Schließe mich den Ausführungen von Piefke an. 
Stahlfeder ist meiner Meinung nach ein Muss.
Ich kenn einige die die Hardride mit 200 mm DC fahren, und ein ähnliches Einsatzgebiet haben - 160 mm vorne habe ich noch nicht ausprobiert.
Ich habe eine Wildsau Team in M bei 187 cm und das ist arg eng. Bergab geht es allerdings sehr gut. Also mindestens L nehmen.


----------



## WilliWildsau (23. Februar 2011)

Würde dir auch von einem Luftdämpfer abraten und 160mm geht auf jeden Fall in der Wildsau Das gute an der Hardride sind ja die enormen Verstellmöglichkeitenda findest du schon den richtigen Lenkwinkel
Würde auch L-XL sagen, wobei sie in L ein wenig wendiger ist. Kommt halt auf die eigenen Vorlieben an, wie Piefke schon geschrieben hat.
Gruß Jens!


----------



## rsu (24. Februar 2011)

Wie schon meine Vorredner geschrieben haben geht eine 160er Gabel. Besser gefällt mir ne 180er Gabel. Ausserdem kannst Du den Hinterbau auch mit weniger FW fahren

Sonst probier doch erst mal Deinen Luftdämpfer, evtl bekommst den Stahlfederdämpfer ja auch noch zum OEM Preis wenn Du ihn binnen 1-3 Monaten dazukaufst. Einfach mal den Jürgen fragen. Bevorzuge auch Stahlfederdämpfer, wobei der Manitou 4way Air auch ganz gut im Hardride-Hinterbau funktioniert.


----------



## schwerter (27. Februar 2011)

Lasse mir zur Zeit auch ein Hardride bei Jürgen aufbauen. Mit 160er Lyrik und Roco R. Nach genügend Input durch einen Experten des Forums (@jens: Danke), werde ich wohl die richtige Wahl getroffen haben. Auf einem M Rahmen habe ich gesessen bei 186 cm Körpergrösse und 85 Schrittlänge. Habe mich aber sofort für einen L Rahmen entschieden. M würde ich nicht zu raten bei Deiner Grösse.


----------



## radiKarl (27. Februar 2011)

Danke Leute für euere Tipps, hat mir wirklich weitergeholfen!!
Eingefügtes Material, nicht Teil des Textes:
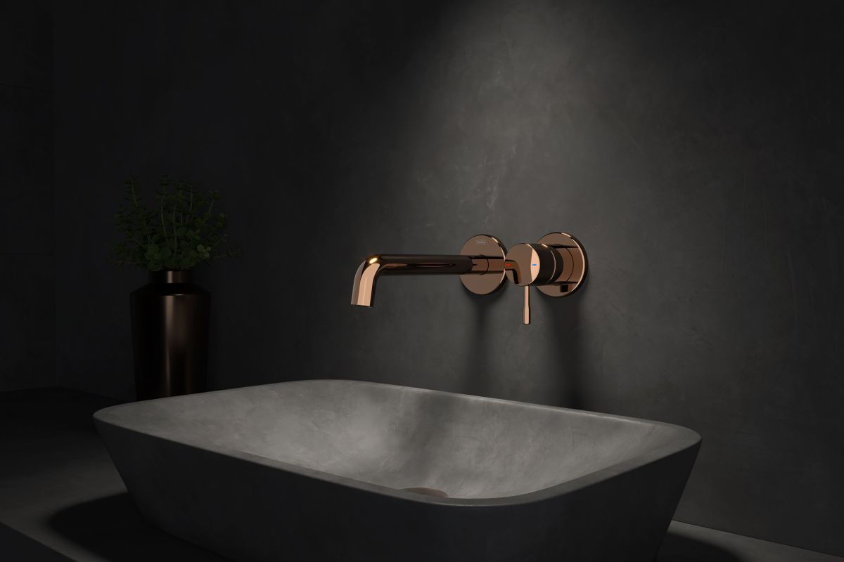 —Смеситель для раковины Teska ATLAS E5709 встраиваемый в стену розовое золото

Hat jemand interesse an eine Proceed Fst light Rahmen??


----------



## schwerter (12. April 2011)

Habe meine Wildsau Hardride bekommen. Nach den ersten Fahrten bin ich begeistert. Sie hat zwar etwas mehr Speck auf den Hüften, lässt sich dafür bergab super bedienen. Um den Berg rauf zu kommen, muss Du Dich schon etwas mehr anstrengen. 4 Kilo mehr im Vergleich zu meinem Nerve machen sich schon bemerkbar. Ich habe mir ein L Rahmen ausgesucht. Muss sagen, er passt super. Mit einem Holzfeller mit 50er Rise habe ich die optimale Sitzposition. Enorm sicheres Gefühl. Guter Schwerpunkt. Ganz klar hat sie ihre Stärken wenn es runter vom Berg geht. Die Lyrik 2 Step mit 160mm schluckt einiges wie z.B.Wurzelpassagen weg. Für mich eine Super Gabel. Wenn sie versenkt wird, hat man mächtig Druck auf dem Vorderrad.Da der Rahmen noch nicht ganz ausgehärtet ist, bin ich noch etwas vorsichtig. Durch die vielen Verstellmöglichkeiten kannst Du sie individuell verändern. Bin noch dabei die richtige Höhe des Tretlagers zu finden. Zur Hammerschmidt kann ich noch nichts nachteiliges sagen. Sauberes Schalten. Egal ob im Stand oder unter Vollast. Das Summen ist ein Genuss. Die Übersetzung ist ein Traum. 
 Nach kurzer Zeit kann ich nur sagen, lass Dich vom Jürgen beraten und Du wirst viel Freude haben. Teile ihm mit, was Du Dir vorstellst und wozu er Dir rät. Ihr werdet zusammen zur optimalsten Lösung kommen. Glaub mir, Du wirst in den ersten Tagen mehrmals in den Keller gehen und sie bewundern. Hört sich vielleicht übertrieben an, ist aber so.
Gruß


----------